▶ About this task
Exclude the pictures, then copy word for word the lines running from the beginning of the records through the line with "厚い雲間から差し込む薄明光線 希望を感じさせるドラマチックな空模様".

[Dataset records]
☆ ☆ ☆ ☆

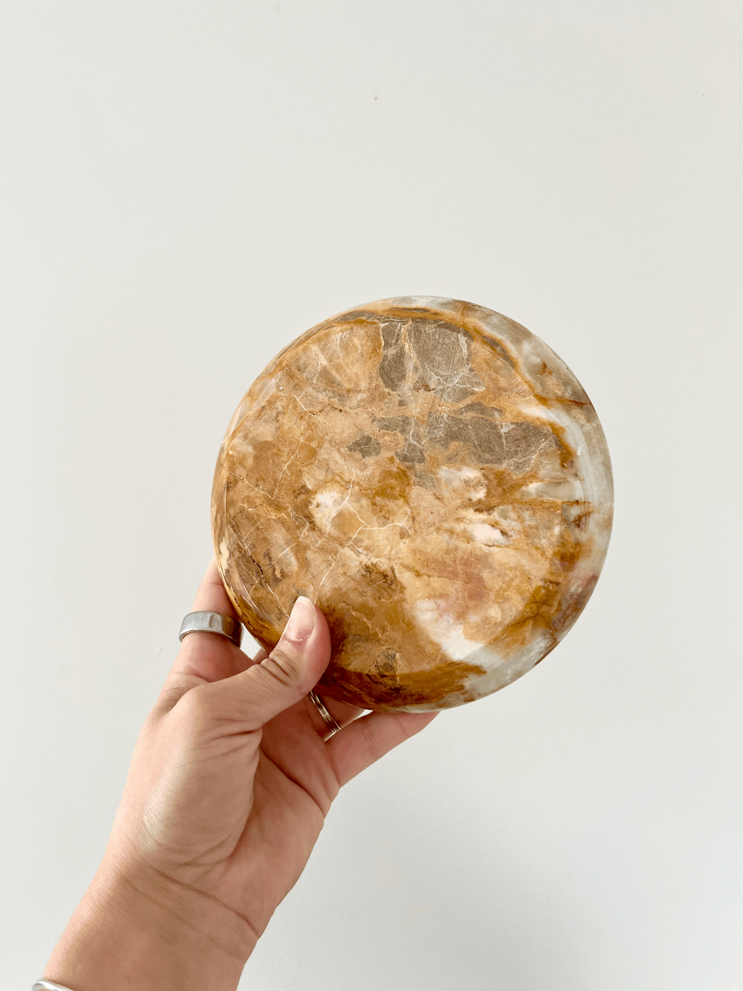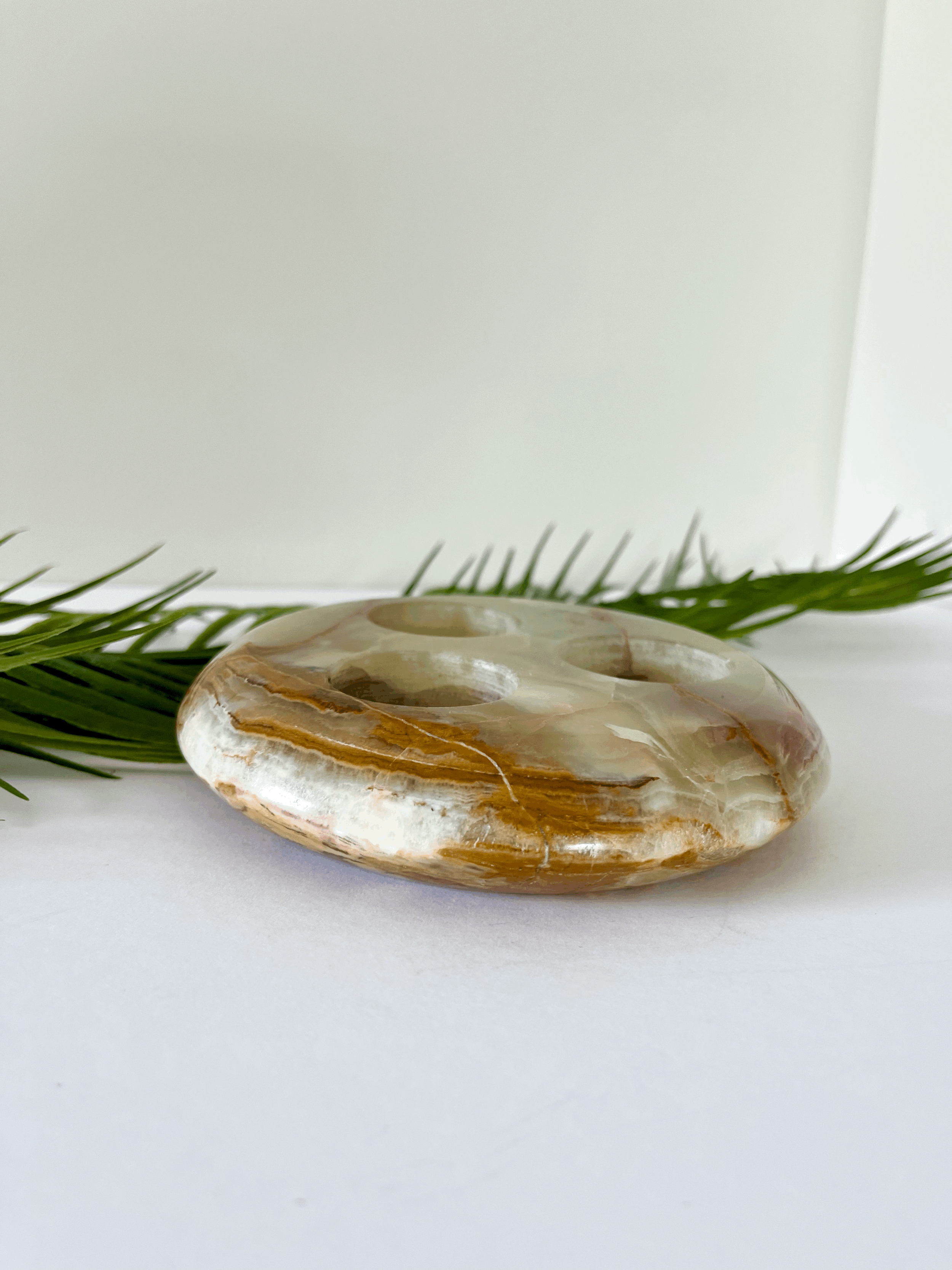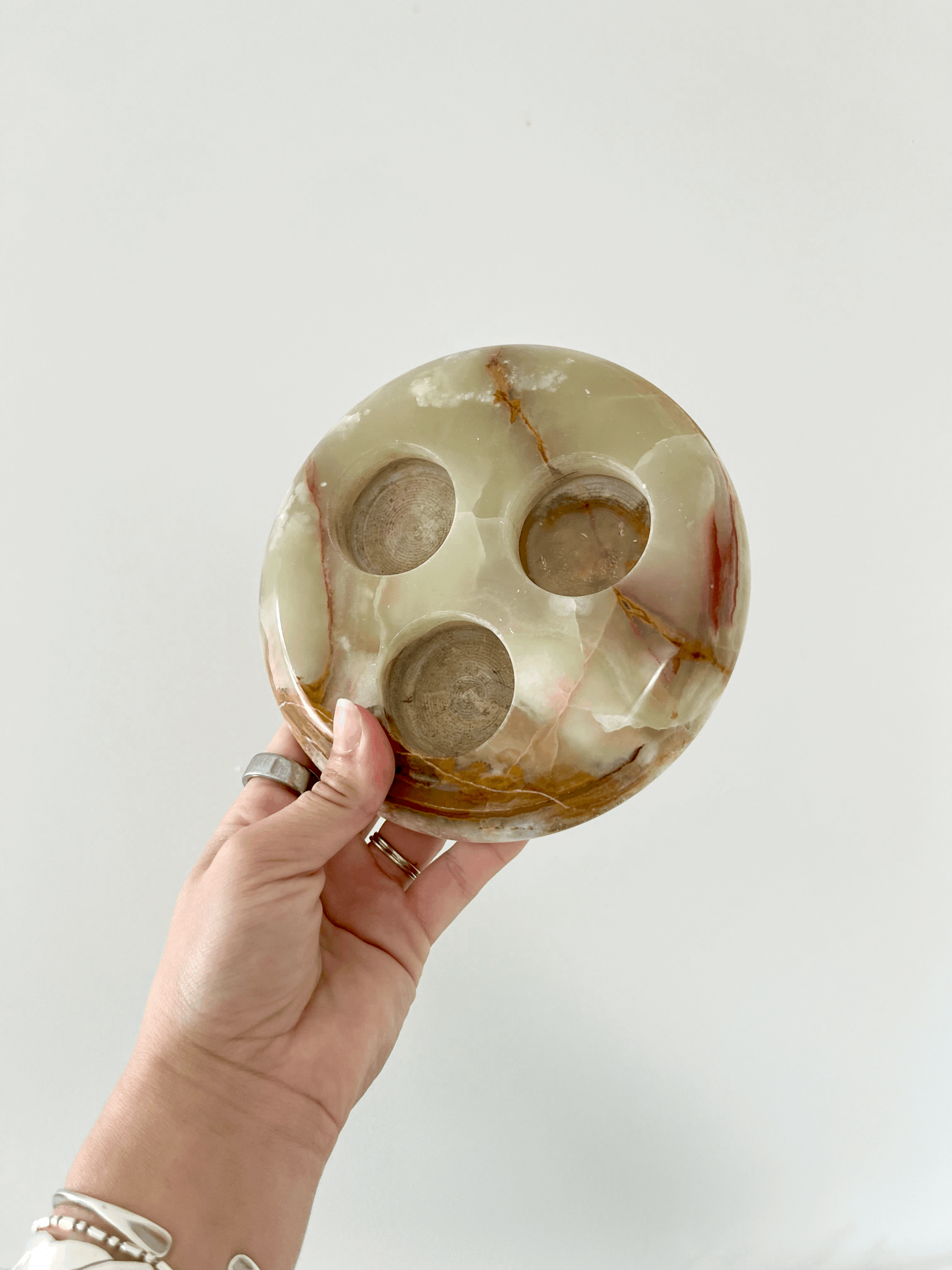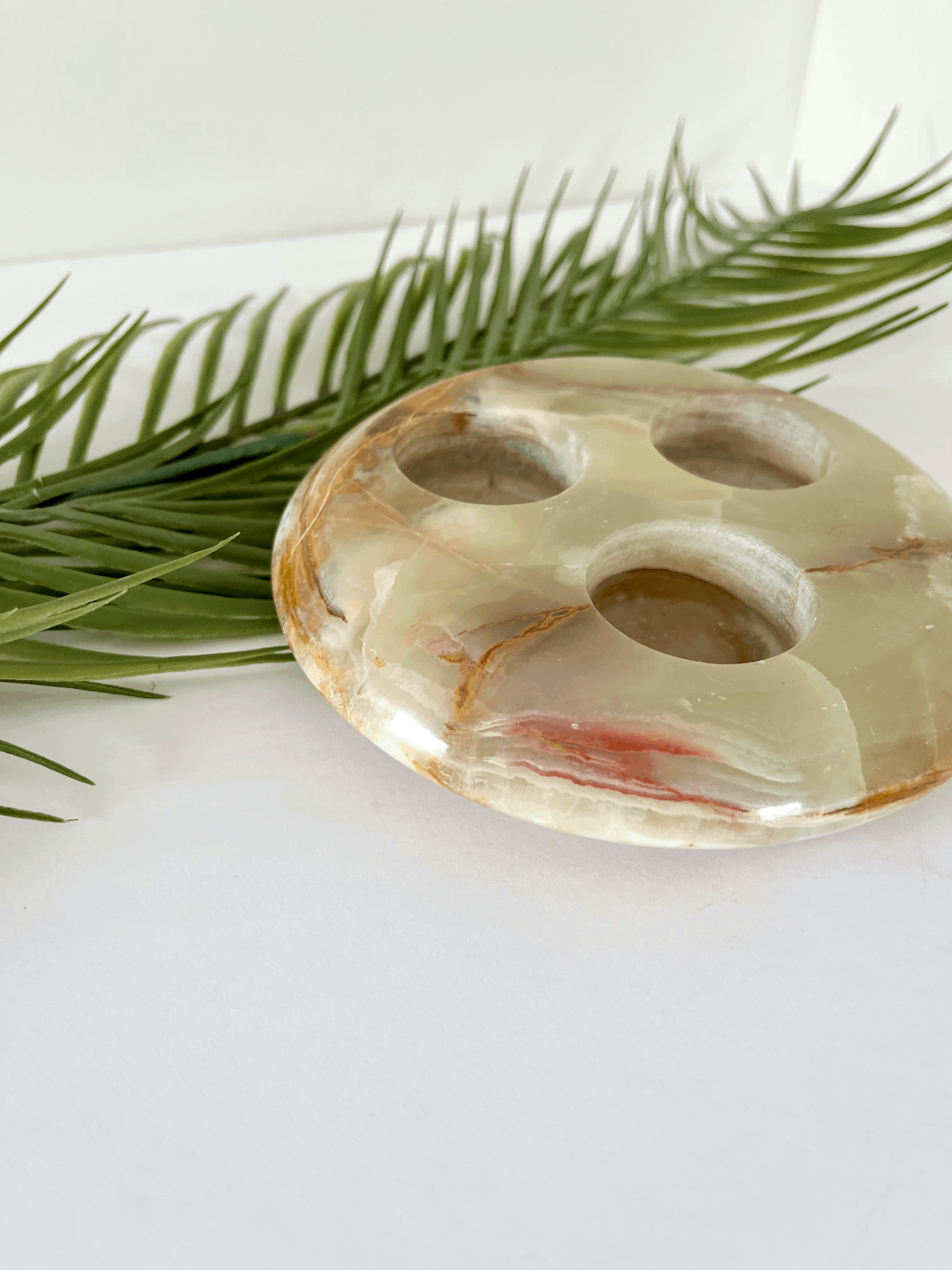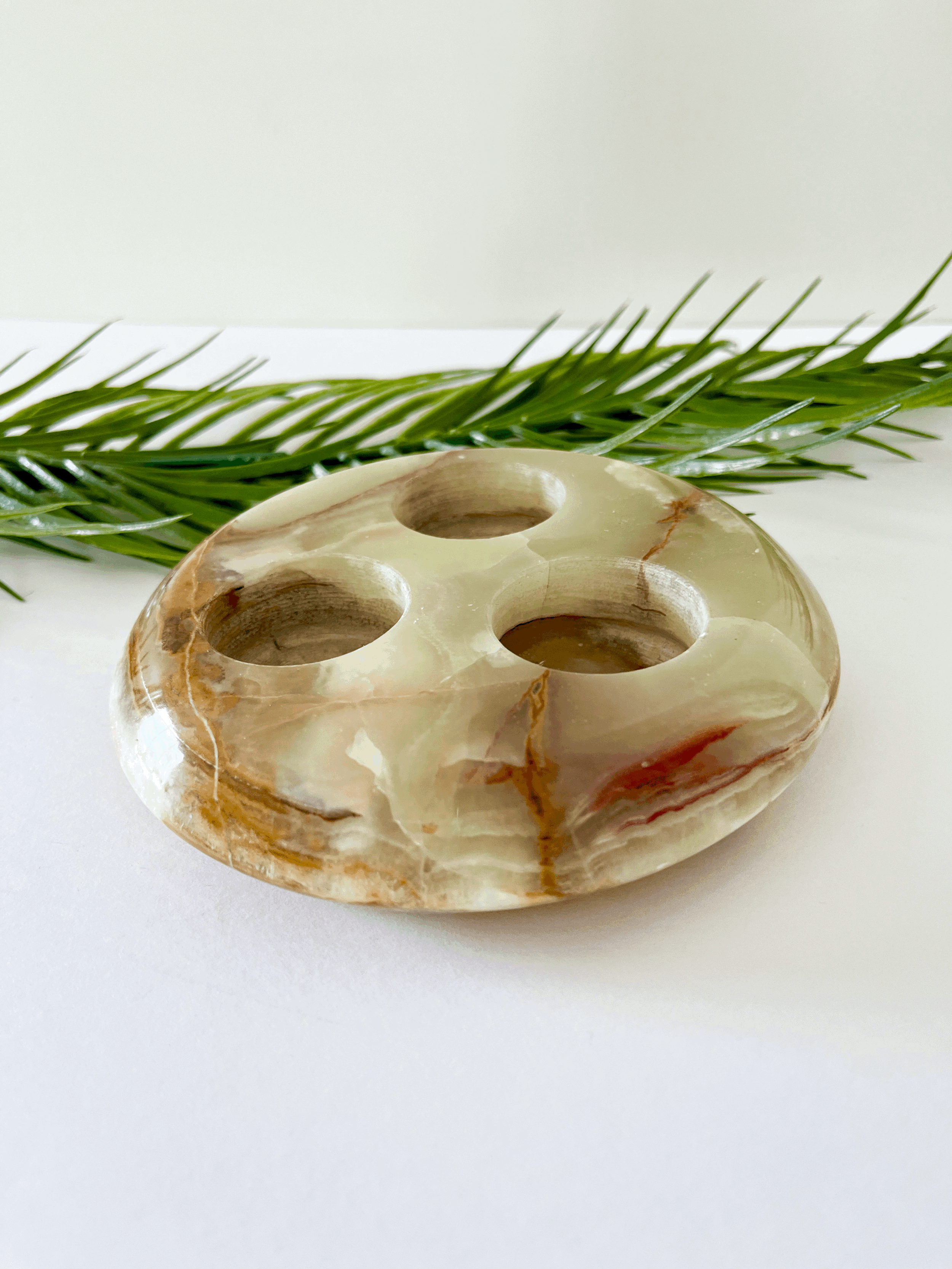 Vintage round onyx tea light candle holder. Made from solid green and brown marbled onyx, this heavy piece holds up to three candles. This item is in good vintage condition.
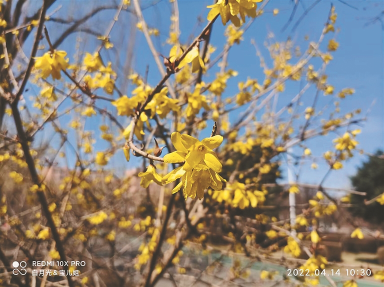 生活报讯 (记者李丹文/摄) 14日,在道外区古梨园,东北连翘在春风的吹拂下显得格外艳丽。它是哈市城区街路和公园里最先绽放的春花之一,它的绽放标志着冰城街路和公园里最美的春花季即将全面启幕。
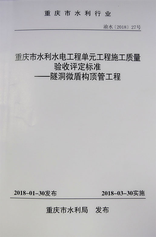我市水利建设工程在输水隧洞施工中引进了微盾构顶管施工技术,这一新的施工工艺目前在国内尚无相应的水利工程施工质量检验与评定标准。为了加强微盾构顶管施工质量管理,保证工程施工质量,统一其单元工程验收与评定标准,规范单元工程验收评定工作,重庆市水利工程质量监督中心站根据市水利局的统一部署,组织相关单位编写《重庆市水利水电工程单元工程施工质量验收评定标准——隧洞微盾构顶管工程》。
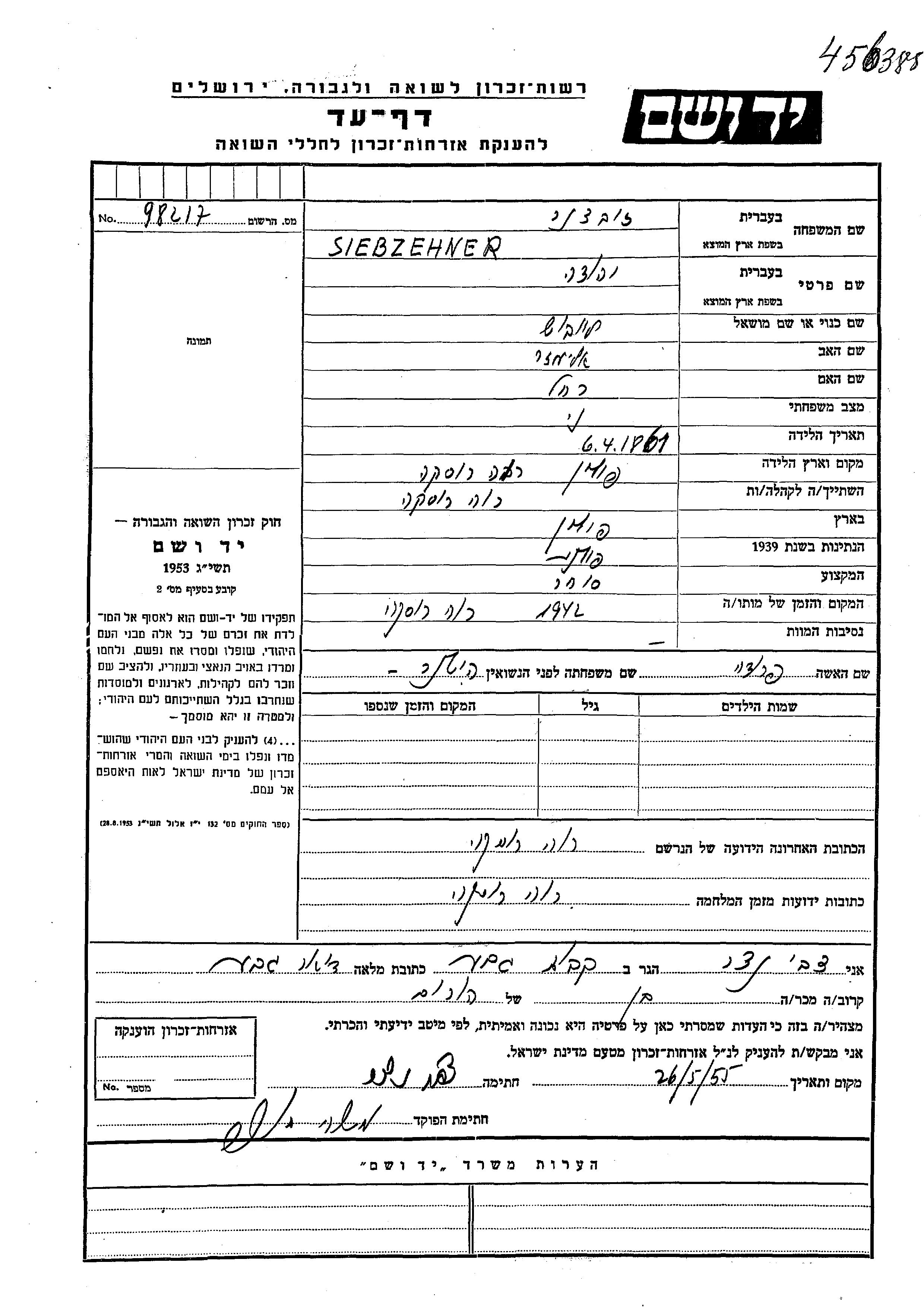 Yehuda Leibush Siebzehner wurde im Jahr 1861 in Rawa Ruska, Polen geboren. Er war der Sohn von Eliezer und Rakhel. Er war Kaufmann/-frau. Vor dem Zweiten Weltkrieg lebte er in Rawa Ruska, Polen. Während des Krieges war er in Rawa Ruska, Polen.
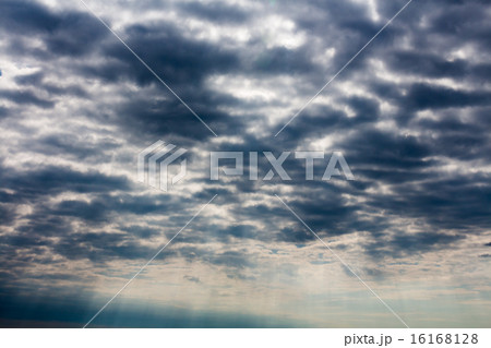 厚い雲間から差し込む薄明光線 希望を感じさせるドラマチックな空模様
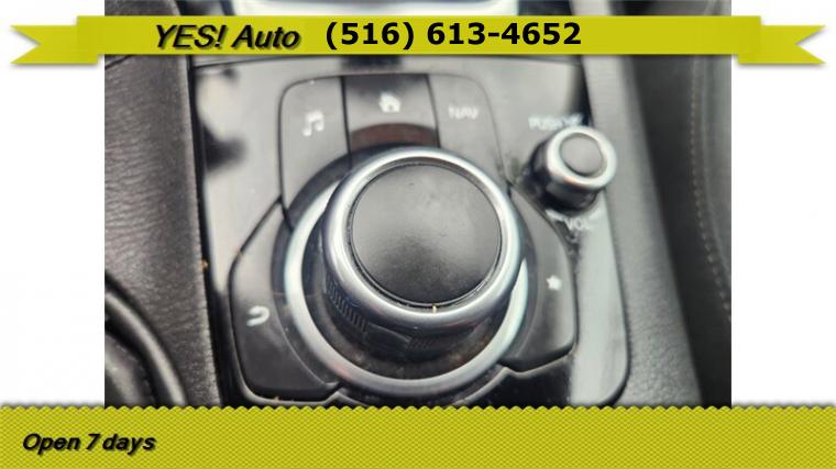 Air filtration, Front air conditioning, Front air conditioning zones: single, Rear vents: second row, Airbag deactivation: occupant sensing passenger, Front airbags: dual, Side airbags: front, Side curtain airbags: front / rear, Antenna type: mast, Auxiliary audio input: Bluetooth / iPod/iPhone / jack / USB, Internet radio app: AHA / Pandora / Stitcher, Radio: AM/FM / HD radio / touch screen display / voice operated, Radio data system, Total speakers: 6, ABS: 4-wheel, Braking assist, Electronic brakeforce distribution, Front brake type: ventilated disc, Power brakes, Rear brake type: disc, Armrests: rear center with cupholders, Cargo area floor mat, Door trim: cloth, Floor mat material: carpet, Floor material: carpet, Floor mats: front / rear, Interior accents: metallic-tone, Parking brake trim: leather, Shift knob trim: leather, Steering wheel trim: leather, Assist handle: front / rear, Cargo area light, Cargo cover: hard, Center console: front console with armrest and storage, Cruise control, Cupholders: front / rear, Multi-function remote: panic alarm / proximity entry system / trunk release, One-touch windows: 1, Power outlet(s): two 12V, Power steering: variable/speed-proportional, Power windows: lockout button, Push-button start, Reading lights: front / rear, Rearview mirror: manual day/night, Steering wheel: tilt and telescopic, Steering wheel mounted controls: audio / cruise control / phone, Storage: accessory hook / door pockets / front seatback, Touch-sensitive controls, Vanity mirrors: dual, Door handle color: body-color, Exhaust: dual tip, Exhaust tip color: metallic, Front bumper color: body-color, Grille color: silver, Mirror color: body-color, Rear bumper color: body-color, Rear spoiler: roofline, Rear spoiler color: body-color, Rear trunk/liftgate: liftgate, Window trim: black, Infotainment: MAZDA CONNECT, Infotainment screen size: 7 in., Clock, Digital odometer, Fuel economy display: MPG / range, Gauge: tachometer, Multi-function display, Trip odometer, Warnings and reminders: coolant temperature warning / lamp failure / low battery / low fuel level / low oil pressure / maintenance due, Daytime running lights, Front fog lights, Headlights: halogen, Side mirror adjustments: manual folding / power, Side mirrors: heated / integrated turn signals, Alternator: 100 amps, Blind spot safety: sensor/alert, Camera system: rearview, Child safety door locks, Child seat anchors: LATCH system, Cross traffic alert: rear, Impact absorbing seats: dual front, Impact sensor: door unlock / post-collision safety system, Rearview monitor: in dash, Safety brake pedal system, Front seatbelts: 3-point, Rear seatbelts: 3-point, Seatbelt force limiters: front, Seatbelt pretensioners: front, Seatbelt warning sensor: front, Driver seat manual adjustments: 6 / height / reclining, Front headrests: 2 / adjustable, Front seat type: bucket, Rear headrests: 3 / adjustable, Rear seat folding: one-touch fold flat / split, Rear seat type: 60-40 split bench, Upholstery: premium cloth, Anti-theft system: alarm / vehicle immobilizer, Power door locks: auto-locking, Hill holder control, Stability control, Traction control, Front shock type: twin-tube gas, Front spring type: coil, Front stabilizer bar, Front struts: MacPherson, Front suspension classification: independent, Front suspension type: lower control arms, Rear shock type: twin-tube gas, Rear spring type: coil, Rear stabilizer bar, Rear suspension classification: independent, Rear suspension type: multi-link, Electronic messaging assistance: with read function, Wireless data link: Bluetooth, Spare tire mount location: inside, Spare tire size: temporary, Spare wheel type: steel, Tire Pressure Monitoring System, Wheels: aluminum alloy, Front wipers: variable intermittent, Liftgate window: fixed, Power windows, Rear wiper: intermittent / with washer, Window defogger: rear
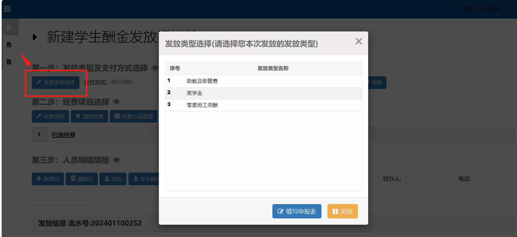 (1)经办人(必须是老师账号)新建员工酬金发放单,选择发放类型,双击选择需要的发放类型
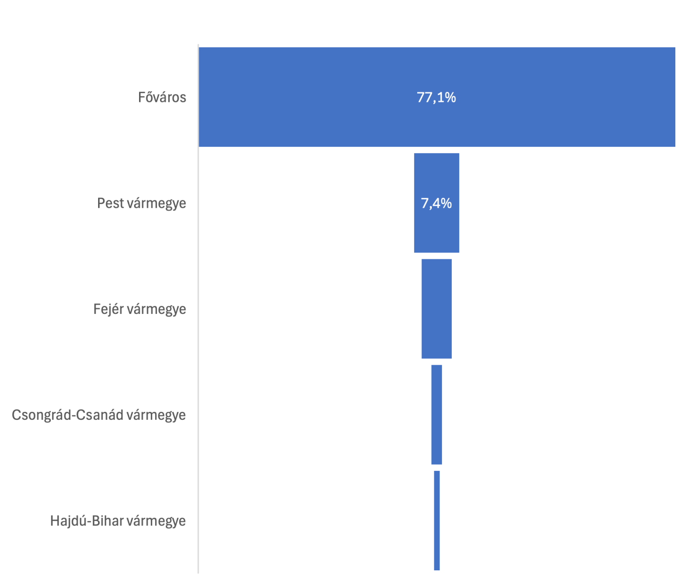 A területi megoszlás szinte egyirányú: a fővárosban realizált 205 milliárd forint árbevétel a teljes piac több mint háromnegyedét, 77%-át adja. Pest megye további 7,4%-kal járul hozzá, Fejér megye közel 5%-os súlya pedig szintén számottevő. Ez egyértelműen mutatja, hogy a szektor döntő hányada a fővárosi és központi régióhoz kötődik, míg a vidéki térségek összességében a teljes bevétel alig ötödét termelik.

☆ ☆ ☆ ☆

▶ Expected output
 Vintage round onyx tea light candle holder. Made from solid green and brown marbled onyx, this heavy piece holds up to three candles. This item is in good vintage condition.
 生活报讯 (记者李丹文/摄) 14日,在道外区古梨园,东北连翘在春风的吹拂下显得格外艳丽。它是哈市城区街路和公园里最先绽放的春花之一,它的绽放标志着冰城街路和公园里最美的春花季即将全面启幕。
我市水利建设工程在输水隧洞施工中引进了微盾构顶管施工技术,这一新的施工工艺目前在国内尚无相应的水利工程施工质量检验与评定标准。为了加强微盾构顶管施工质量管理,保证工程施工质量,统一其单元工程验收与评定标准,规范单元工程验收评定工作,重庆市水利工程质量监督中心站根据市水利局的统一部署,组织相关单位编写《重庆市水利水电工程单元工程施工质量验收评定标准——隧洞微盾构顶管工程》。
 Yehuda Leibush Siebzehner wurde im Jahr 1861 in Rawa Ruska, Polen geboren. Er war der Sohn von Eliezer und Rakhel. Er war Kaufmann/-frau. Vor dem Zweiten Weltkrieg lebte er in Rawa Ruska, Polen. Während des Krieges war er in Rawa Ruska, Polen.
 厚い雲間から差し込む薄明光線 希望を感じさせるドラマチックな空模様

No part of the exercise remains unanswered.